Some of the other countries I visit have some very strange culinary habits, however, but being Father Christmas and thus the jolliest, most festive person on Earth, I am expected to embrace every tradition, no matter how peculiar.
Take Greenland, where Christmas means muktuk (slices of narwhal hide and blubber), served raw with kiviak – an unholy combination of an auk (a dead one, presumably) and seal skin, in which the auk is wrapped and then buried. It’s left to ferment in the ground for a few months and once the auk is in an advanced state of decomposition (could this get any more delicious?), it’s ready to eat.
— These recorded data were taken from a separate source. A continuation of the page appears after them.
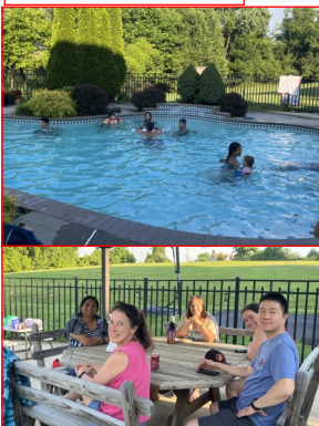
ESL Pool Party
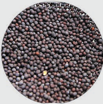
Mustard - Black
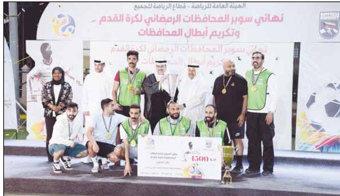
Farwaniya Governorate team crowned with the Super Cup.

KUWAIT CITY, March 20: The Public Authority for Youth Stadium in Mishref recently hosted the final of the Governorates Ramadan Super Cup football tournament, organized by the Sports for All Sector of the Public Authority for Sports.
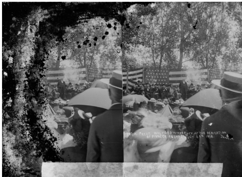
FIGURE 2. Stereo glass plate of Wilford Woodruff addressing a crowd during the dedication of Pioneer Square in Salt Lake City, Utah, on July 25, 1898. Charles E. Johnson, photographer (PH 9612, 12.5 cm × 16.1 cm), Charles E. Johnson glass-plate negative collection, circa 1890 to 1898, Church History Library. A notation on the glass-plate negative states on the lower right, “362.K. Prest. Wilford Woodruff at the Dedication of Pioneer Square. July 24 th 1898. Johnson.” Johnson incorrectly dated the event on the glass plate negative as July 24, 1898; the dedication was held July 25, 1898.

The stereo glass-plate negatives (figs. 2, 4, and 5) were discovered in 2013 among a large collection of 624 glass-plate negatives taken by Johnson between 1892 and 1912. 86 The date of the event is routinely incorrectly identified as July 24, 1898, in published and online sources, including the application to place the park on the National Register of Historic Places. Interestingly, Johnson himself incorrectly identified the date on the glass-plate negatives as July 24, 1898 (see figs. 1, 2, 4, and 5).
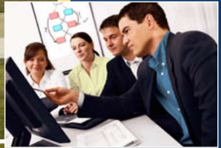
Airpark 599, Stockton, California
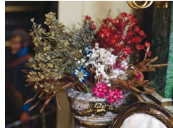
The miniature arrangement of dried flowers in their stand near the mirror adds a splash of colour to the area near the door.
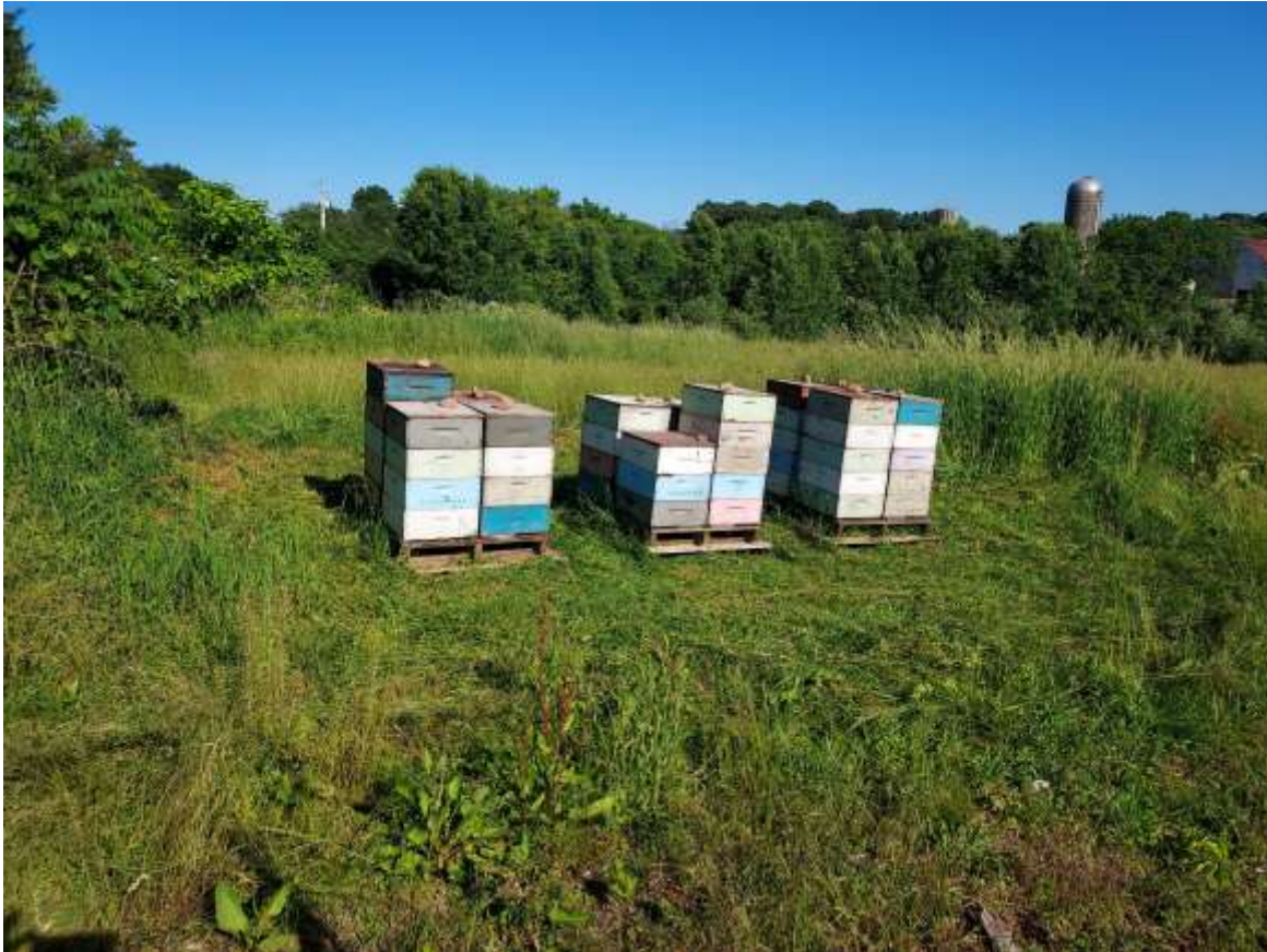
Twelve hives of bees

Thank goodness the elves like it…
Rudolph and co are a big help in southern Africa, where the kind people leave me plates of mopane worms for my Christmas Eve supper. They’re not actually worms, they’re moth caterpillars which are fried with onions, tomatoes and chili. The reindeer love them, fortunately, as they aren’t quite my thing.
But I do love the laufabrauo (leaf bread) left out for me by children in Iceland. It’s less like bread than a thin, crispy wafer made from dough shaped into patterned discs which are fried in mutton fat. It is delicious! I also love the rice pudding left out for the elves in Denmark, but the hay and water left out in Agentina does nothing for me or, indeed, for the reindeer, but don’t tell anyone I said that.
Mrs Claus likes me to bring home sackfuls of smalahove from Norway, which is a dried, salted sheep’s head. It’s a bit of a palaver to make, because you have to split the sheep’s head in two, remove the brain and soak the pieces in water for two days, which is nice in a Hannibal Lecter sort of way. It is then salted, dried, smoked and boiled and Mrs Claus says tradition dictates you have to eat the ears and eyes first and then eat the meat from the front of the skull back. Does that sound festive to you? Me neither, but the elves and Mrs C lap it up.
My greatest pleasure is left for me by the children of Chile. It’s pan de Pascua – a rich, dense fruit cake with rum served a cup of cola de mono (tail of donkey) which is made of warmed milk with sugar, cloves, cinnamon, vanilla, nutmeg, coffee and – the best bit – lots of rum, which always gets December 25 off to a good start. Then it’s back to Mrs Claus for roast turkey and all the trimmings followed by Christmas pudding (no narwal or sheep heads). Ho, ho, ho!